Questioning the fundamentals in Afghanistan

ASK THIS | May 17, 2012

How does supporting warlords help create a stable government? Why are we counting the money spent instead of the good achieved? A scholar who has done extensive field research in Afghanistan on the intended and unintended effects of foreign aid writes that reporters are missing some of the key dynamics at play there.

By Karl Sandstrom

Q. How do you achieve long-term stability through repression?

The objective in Afghanistan is supposedly "stabilization" -- movement toward a sustainable, peaceful society where threats against the national security of the U.S. and its allies are not allowed to develop. This would suggest a preferred outcome where a sustainable center controls Afghanistan and can grant the U.S. operational capacity. But the U.S. has empowered and supported various warlords over the last decade.
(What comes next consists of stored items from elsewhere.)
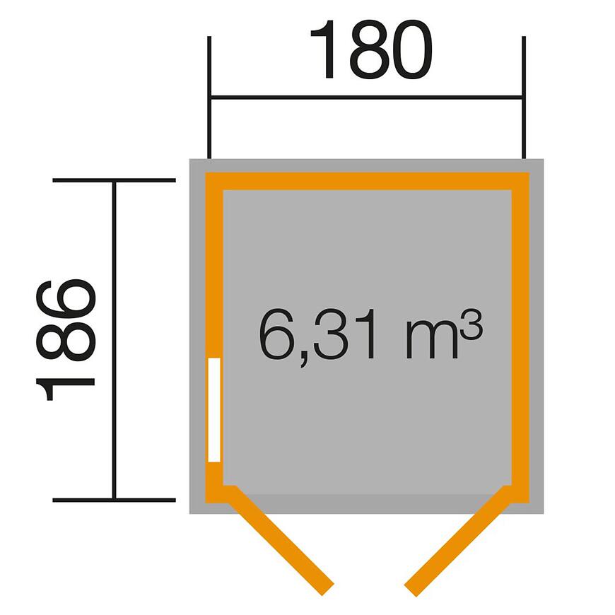 Wymiary: Szerokość 180 cm, głębokość 186 cm, wysokość 217 cm – powierzchnia użytkowa 3,06 m².
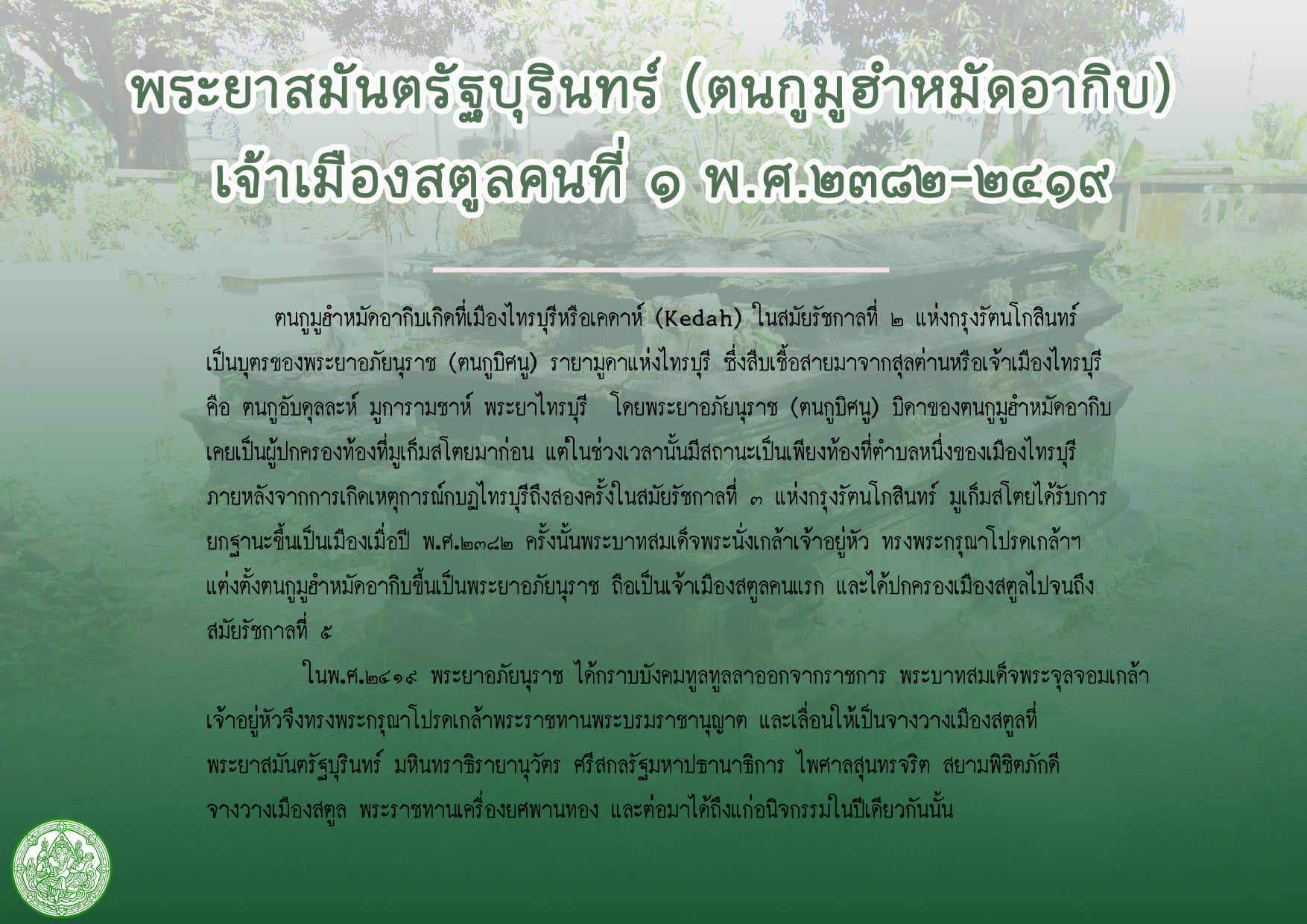 พระยาสมันตรัฐบุรินทร์ (ตนกูมูฮำหมัดอากิบ) เมืองสตูล พ.ศ.๒๓๘๒-๒๔๑๙
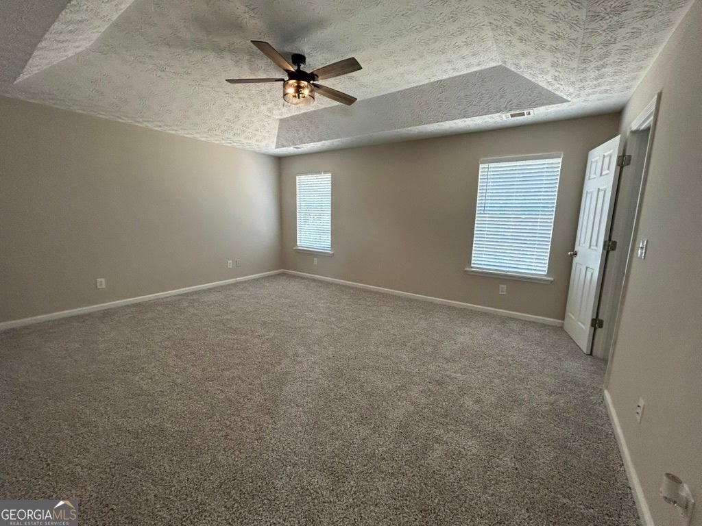 - Interior FeaturesPulldown Attic Stairs, Soaking Tub, Tray Ceiling(s), Walk-In Closet(s), High Ceilings, Two Story Foyer, Separate Shower, Split Bedroom Plan, Tile Bath
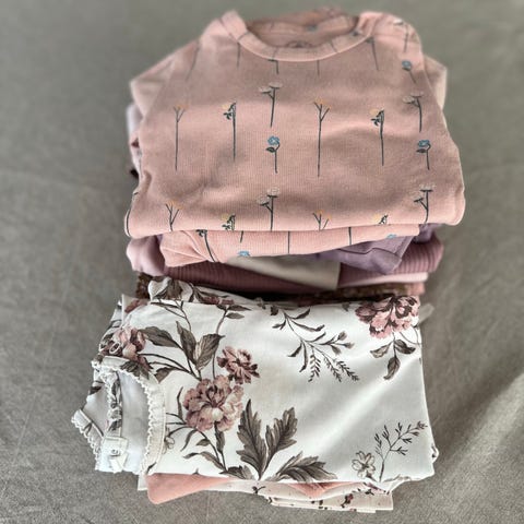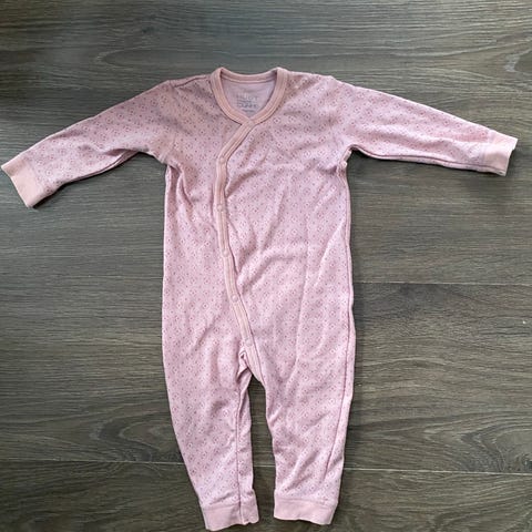 Hust & Claire ull/bambusviskose pysjamas i blå farge med biler, størrelse 74. Slitt på knærne, men ikke hull.
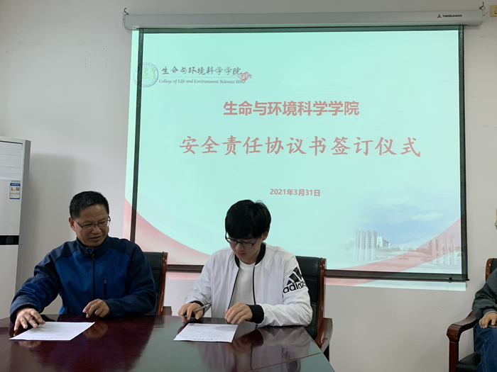 3月31日下午,生环学院在率水校区天都园林三楼会议室举行安全责任协议书签订仪式。学院领导与教研室主任、教师签订安全责任协议书。
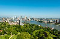 Een overzicht van de stad Rotterdam vanaf de Euromast met de Erasmusbrug centraal in beeld.
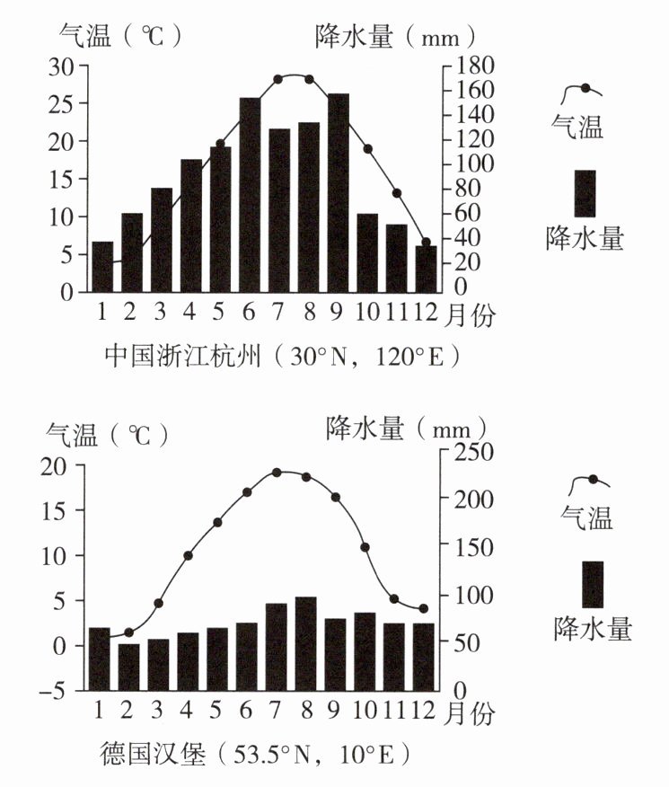 (2024·金华高二上期末)如图所示为德国港口城市汉堡和中国浙江杭州的气候资料统计图。据此完成第3、4题。
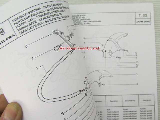 Gilera Typhoon XR50KAT Catalogue of Spare Parts 594223 -varaosaluettelo, katso kuvista mallimerkintä tarkemmin
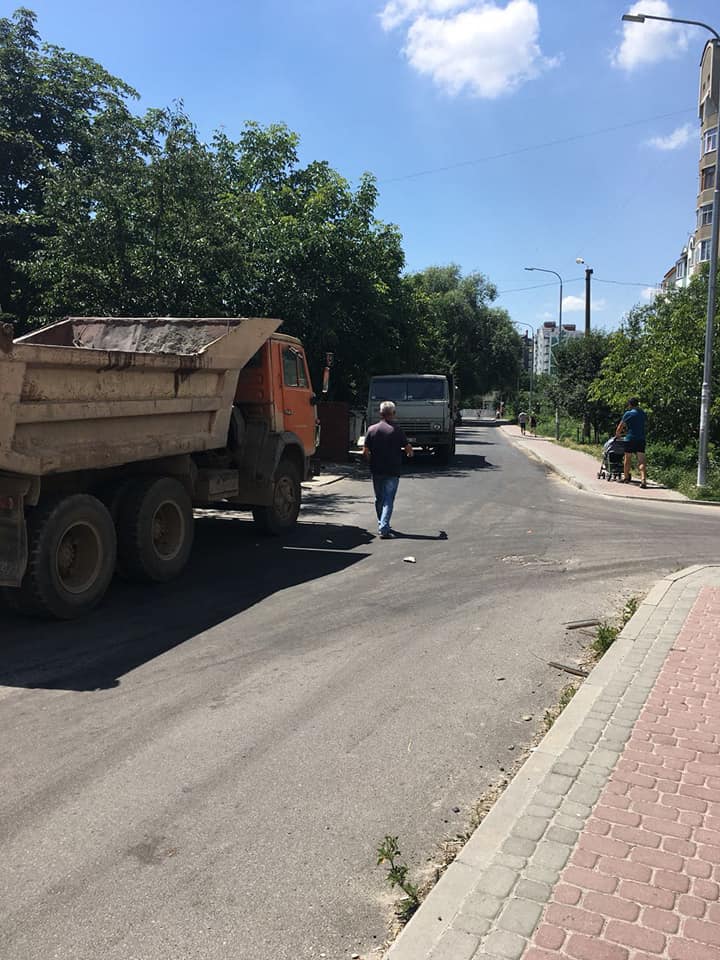 Тож, обурені мешканці Тролейбусної-Хіміків взялись облаштовувати сквер на території зеленої зони та блокувати дорогу, щоб техніка БК "Вертикаль" не проїжджала.
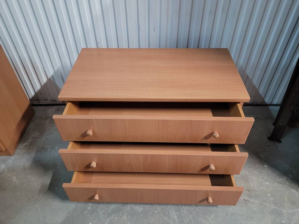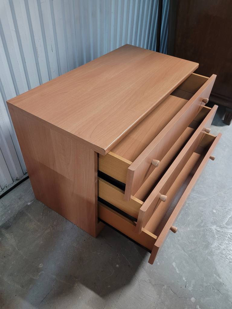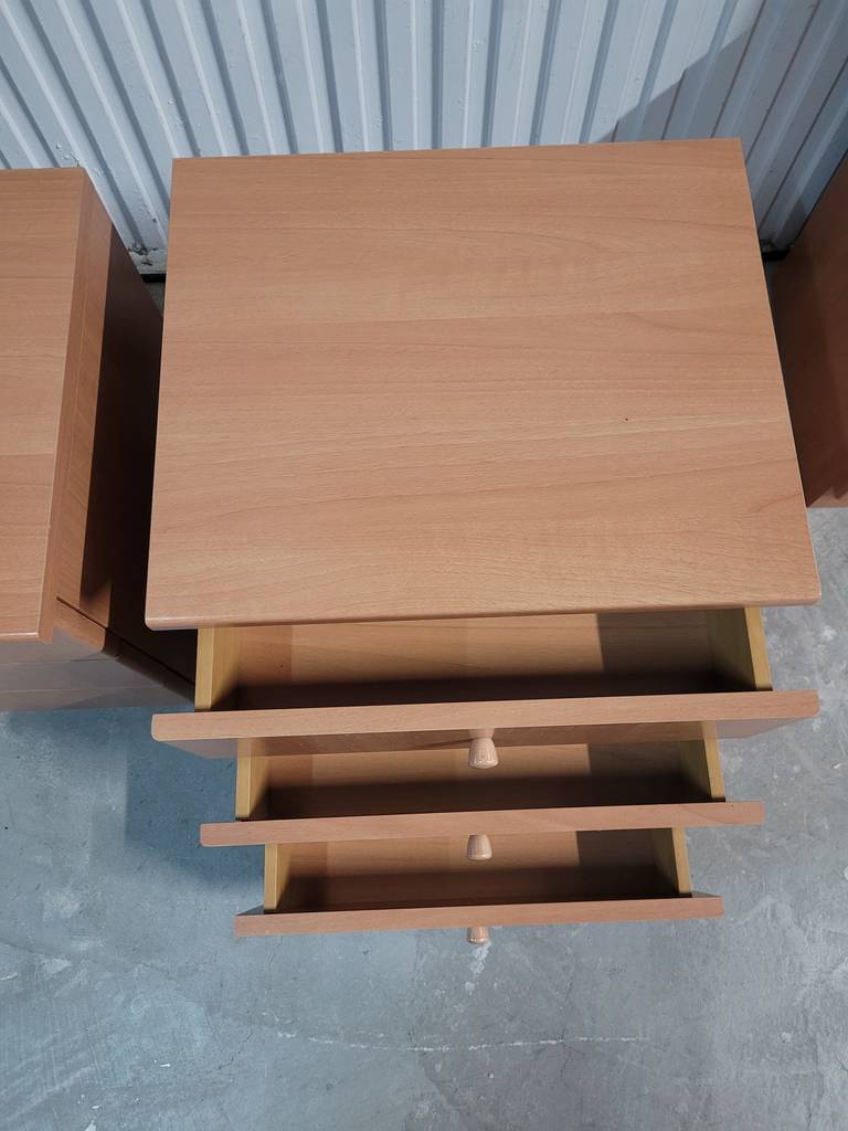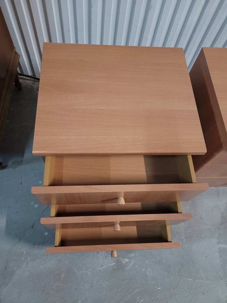 Conjunto de dormitorio formado por dos mesitas de noche, una cómoda y un espejo. Se trata de un conjunto de dormitorio completo fabricado en madera de buena calidad de color marrón claro que resulta ideal para colocarlo en un dormitorio de matrimonio. Como se puede observar en las fotografías se encuentra en buenas condiciones para ser utilizado.
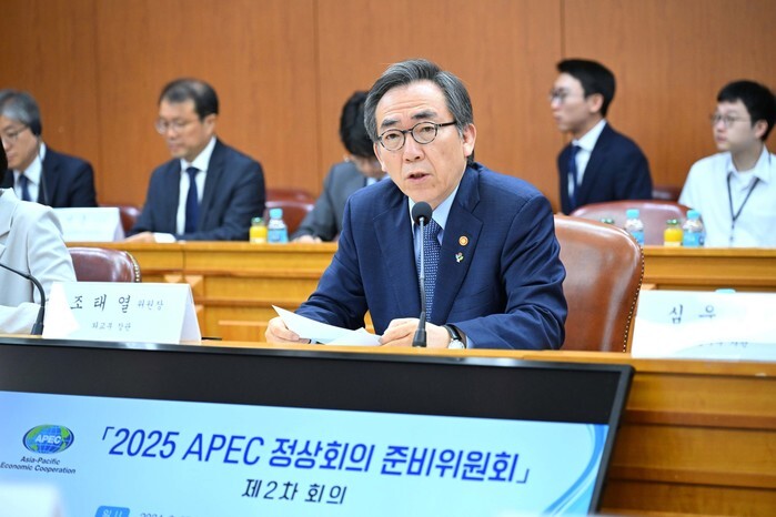 Foreign Minister Cho Tae-yul speaks during a meeting of the preparatory committee for the Asia-Pacific Economic Cooperation (APEC) Summit 2025 at the foreign ministry in Seoul on June 27, 2024. The meeting resolved to tap the ancient city of Gyeongju, 277 kilometers southeast of Seoul, as the venue for the summit. Gyeongju was the capital of the Silla Dynasty (57 B.C.-A.D. 935). (Yonhap)
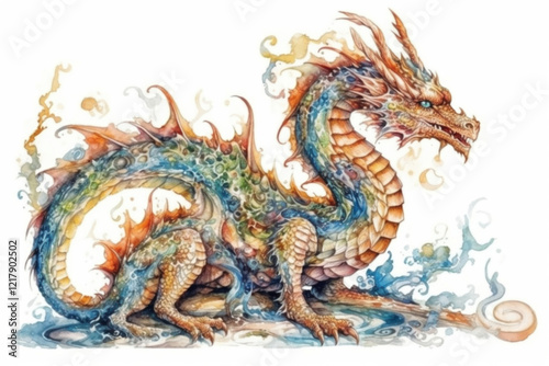 watercolor drawing of a dragon on a white background., watercolor style, Generative AI
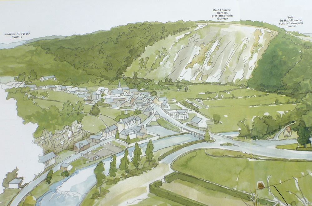 Au début du XXe siècle, le Grès armoricain presque dépourvu de végétation contrastait nettement avec les schistes briovériens couverts de bois. Depuis, le bois n’étant plus exploité comme source d’énergie et la tendance étant à la reforestation, des résineux envahissent le versant et masquent progressivement les affleurements rocheux. |
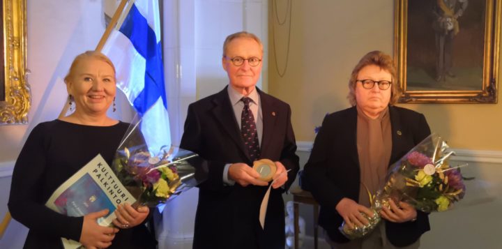 06.12.2020 Lovisa stad belönade kulturmeriterade aktörer Lovisamedaljen 2020 beviljades till Lovisa Sjöfartsmuseum. Priset delas ut en gång per fullmäktigeperiod. Kulturpriset, som nu delades ut för första gången, mottogs av Päivi Ahvonen. De prisbelönta publicerades på självständighetsdagen 6.12.2020. Kulturpriserna delades ut under ett tillfälle som ordnades tidigare på veckan, i och med att den egentliga självständighetsdagsmottagningen i år inte kunde ordnas på grund av coronavirusepidemin. Lovisamedaljen Lovisa stad delar ut Lovisamedaljen med fyra års mellanrum. Medaljen delas ut till en framgångsrik konstnär, kulturarbetare eller organisation eller ett framgångsrikt projekt som är betydande för nejden. Föregående gång, 2016, mottog konstnär Jouni Jäppinen medaljen och 2012 mottogs den av kompositör och musiker Arno Kantola. Mottagaren av Lovisamedaljen 2020 är Lovisa Sjöfartsmuseum. I motiveringarna nämndes bland annat att Lovisa Sjöfartsmuseum har långsiktigt och systematiskt utvecklat sin museiverksamhet skött sin ekonomi lockat årligen många besökare med sin spännande och sevärda utställningsverksamhet publicerat intressant litteratur om Lovisa sjöfarts historia hållit sin fastighet och sina inventarier i skick. Dessutom bidrar Lovisa Sjöfartsmuseum på Skeppsbroområdet till att skapa en positiv Lovisabild. Lovisamedaljen överräcktes av direktören för centralen för bildning och välfärd Kirsi Kinnunen och stadsstyrelsens ordförande Mia Heijnsbroek-Wirén. Gunilla Törnblom och Antti Muuronen mottog medaljen på Lovisa Sjöfartsmuseums vägnar. Kulturpriset Kulturpriset är en ny utmärkelse som nu 2020 för första gången delas ut. Priset, som i fortsättningen delas ut årligen, delas ut till en aktör – en privatperson, förening eller grupp – som med gärning eller verksamhet inverkat speciellt mycket på kulturlivet i Lovisa eller som lyft fram Lovisa nationellt eller internationellt. Det var fram till 7.10.2020 möjligt att med motiveringar föreslå mottagaren av kulturpriset. Sammanlagt inlämnades 39 förslag. Mottagaren av kulturpriset för 2020 är Päivi Ahvonen. I de talrika förslagen och motiveringarna nämndes bland annat följande: Hon har aktivt arbetat för att göra konst och kultur mer tillgängliga. Hon har arbetat med ett flertal projekt och koncept som gör Lovisa till en positivt annorlunda småstad. Hon har främjat kulturverksamheten i Lovisa. Hon är en innovativ person som i sitt kreativa och modiga engagemang har fingret på tidens puls. Hon har bidragit till en starkare social gemenskap i Lovisa och livat upp vår gatubild med ett färgrikt kulturliv. Hon är inspirerande. Hon har bland annat skapat diskussionskanaler, workshoppar, lokaler och möjligheter att presentera olika slags arbeten och idéer samt skapa nätverk. Hon hyser en stor passion för dans- och cirkuskonst. Kulturpriset överräcktes likaså av direktören för centralen för bildning och välfärd Kirsi Kinnunen och stadsstyrelsens ordförande Mia Heijnsbroek-Wirén. I bilden från vänster Päivi Ahvonen som mottog kulturpriset och Antti Muuronen och Gunilla Törnblom som mottog Lovisa-medaljen på Lovisa Sjöfartsmuseums vägnar.Fotograf: Jonas Randers / JR Sound. Uppdaterad 31.12.2020: videoinspelningen har avlägsnats. Dela: Länken har kopierats till urklipp
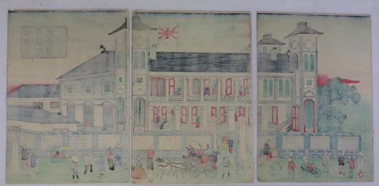 The Incomparable and Marvelous English Office Buiding at Yokohama par Kunisada III / Le Merveilleux et Incomparable Consulat Anglais à Yokohama par Kunisada III (1870)
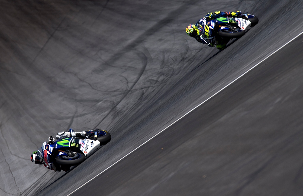 Kedua pembalap Yamaha ini bersaing ketat untuk mengincar finis di posisi ketiga. Situasi ini terjadi lantaran posisi pertama dan kedua sudah diamankan duo pembalap Ducati, Andrea Iannone dan Andrea Dovizioso.
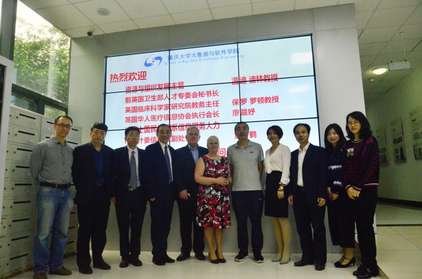 2018年4月26日上午,中英健康医疗大数据论坛的英方嘉宾受邀访问重庆大学大数据及软件学院。英方嘉宾有威尔士国民保健体系信息服务人力资源与组织发展主管温迪·迪林教授,中英医疗大健康合作董事、前英国卫生部人才专委会秘书长保罗·罗顿教授,英国华人医疗信息协会执行会长廖晨妤。重庆大学大数据与软件学院的熊庆宇院长、黄勇副院长、文俊浩副院长、陈蜀宇教授、张毅教授和学院相关研究基地的教师等出席研讨会。
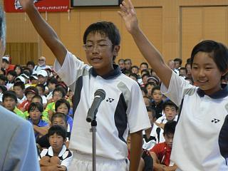 歓迎あいさつ:赤石大輔(前橋JTC) 選手宣誓:大沢知泰(群馬町JTC)・堀越志保(館林スポ少) 司会進行:広瀬未希・竹内彩梨(前橋JTC)
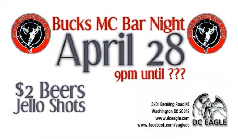 The BUCKS MC is excited to announce our first bar night of 2018 @ The DC EAGLE, April 28 starting at 9 PM in the club room. We will be serving beer for $2 and jello shots and possibly other goodies for your consumption.
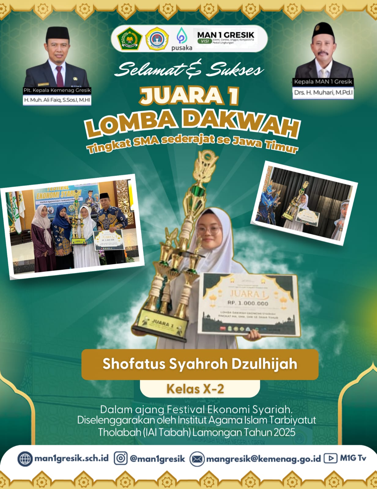 Read MoreAlhamdulillah luar biasa.MAN 1 Gresik kembali menorehkan prestasi gemilang melalui kiprah salah satu siswinya, Shofatus Syahroh Dzulhijah dari kelas X-2. Pada Festival Ekonomi Syariah yang diselenggarakan oleh Institut Agama Islam Tarbiyatut Tholabah, Shofa berhasil meraih Juara 1 dalam Lomba Dakwah Ekonomi Syariah tingkat SMA se-Jawa Timur pada tanggal 26 November 2025. Dalam ajang bergengsi ini,…
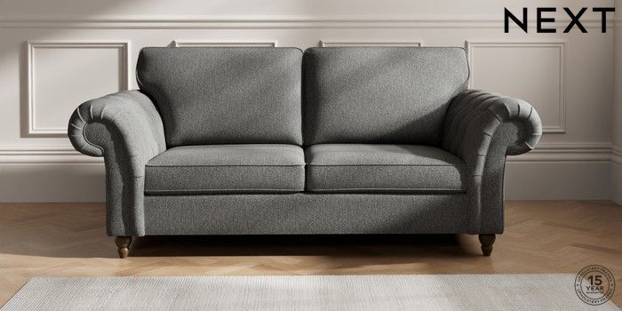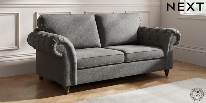 7.2.10 Gosford Highback II Deep Sit 3 Seater Sofa Tweedy Chenille Dark Grey Low Turned - Mid | Made Click here to use our website with more accessibility support, for example screen readers

One of the best known and most controversial is the acting chief of police in Kandahar, Abdul Raziq, also the commander of the border police in Spin Boldak (see for example Our Man in Kandahar, from the Atlantic.) One American official told me: “At least we know he is not Taliban”. But that is a slim comfort if he turns out to be not of, or for, the people.

It seems odd that these are the faces of justice that we are demanding that the population trust. But there is a notable lack of public debate and reporting on whether resurrecting the warlord system of impunity is a sustainable way forward.  

In some cases, these are the very type of characters the Taliban came to power by helping local populations defeat.  In other areas they are people with popular or ethnically based support but local histories of patrimonial exclusivism that exacerbates social friction, impunity and injustice.

Then again, any debate now would probably be too late. Thanks to all the funds and weapons they have been provided, the warlords are becoming independent not only of their constituencies but of American as well as Afghan government control.  The U.S. military commander’s discretionary funds (CERP) and Provincial Reconstruction Team (PRT) activities have been a massive part of this development, but many civilian actors also seem to miss the distinction between working with -- as opposed to through -- power-holders and gatekeepers.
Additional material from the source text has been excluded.